> _Problem requirements_:
Please state how many lines of the data below contain the word "trên", offering nothing besides the number.

> _Data supplied_:
+ + + + +

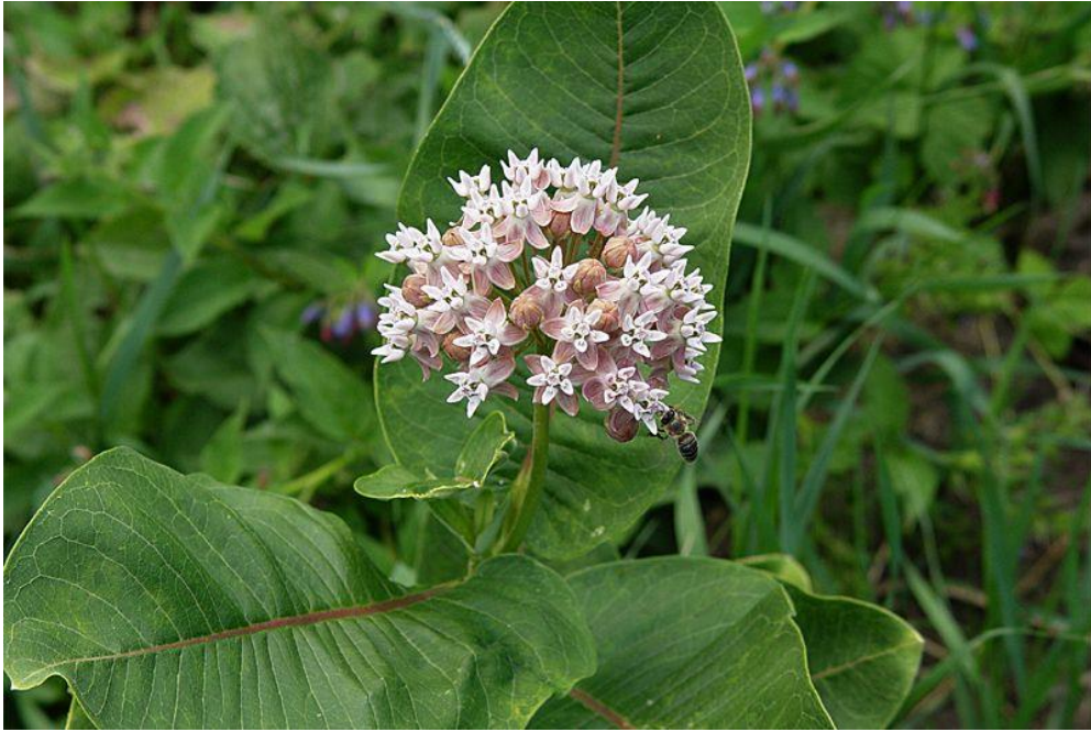
Рис. 1. Яскравий колір та великі китиці ваточника сирійського приваблюють комах-запилювачів

Водночас з тим відмічені і негативні наслідки впливу ваточника сирійського на здоров'я людей. Так період цвітіння цих рослин збігається з сезоном найбільшого страждання від сінної лихоманки, тому вважають що його пилок може викликати симптоми сінної лихоманки. Але на основі проведених досліджень з вивчення поширення пилку ваточника сирійського встановлено, що в основному з-за своїх розмірів зерен і ваги пилок розноситься комахами або падає на землю недалеко від рослин. Лише зрідка, в суху, дуже вітряну погоду пилок ваточника сирійського може бути перенесений вітром і таким чином викликати алергію в людей з підвищеною чутливістю (Frankton 1963) [55].
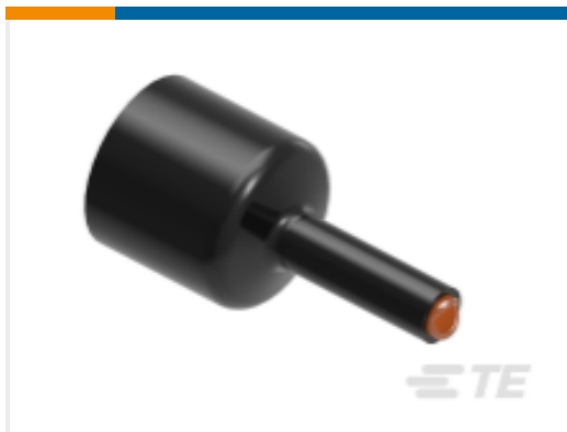
TE 产品编号581913P005 QS1500 热缩管
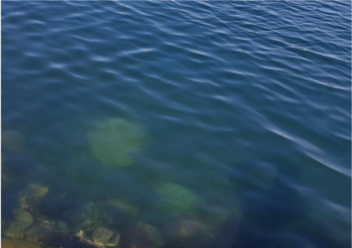
Bilde 07 - Aktuelt nøst som viser steinblokker som har rast ned med strømminger og storm.

Som en ser på bilde 02 er gjenstående del av utstikker ca. 7m. Utstikker har tidligere vært lengre og høyere, en kan tydelig se steinblokker som er rast ned rett ved siden av utstikker, litt dypere foran utstikker, og på rundt 10m dyp (vi anslår at det er rundt om 6m 3 med steinblokker som er rast ut. Vi har hatt dykker som har vært nede og sett). I søknaden har vi bedt om 7,25m lengde på utstikker, vi ønsker å bygge den opp slik den var med blokker som er rast ut. Da vil den blir flat og kan brukes ved høyvann også.
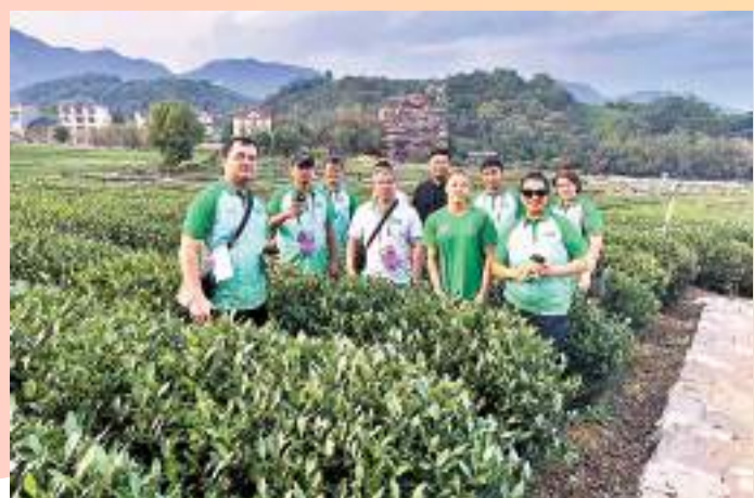
◆土庫曼斯坦代表團遊玩西湖龍井茶園。
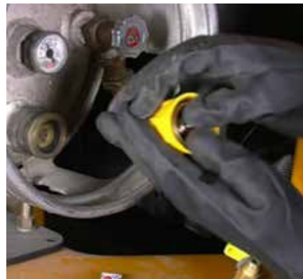
EMPUJE EL ACOPLE POR EL MANGO DE SEGURIDAD
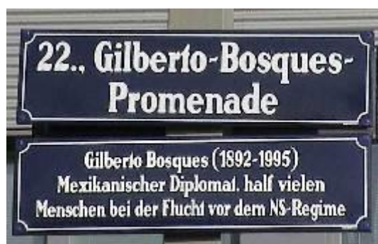
Viena, calle Gilberto Bosques, Distrito 22 (Austria).
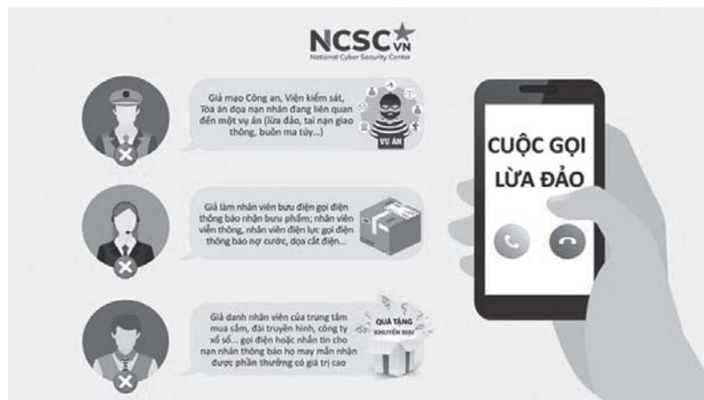
Một số kịch bản lừa đảo trên không gian mạng phổ biến hiện nay

Nguyên nhân chủ yếu xuất phát từ sự thiếu hiểu biết về pháp luật, nhẹ dạ cả tin, lòng tham, sợ hãi... đã khiến không ít người dân trở thành nạn nhân của tội phạm lừa đảo chiếm đoạt tài sản trên không gian mạng. Dự báo thời gian tới, tội phạm này sẽ tiếp tục diễn biến phức tạp, gia tăng về số vụ, thủ đoạn, quy mô, tính chất ảnh hưởng xấu đến tình hình an ninh trật tự.

+ + + + +

> _Reply to the task_:
2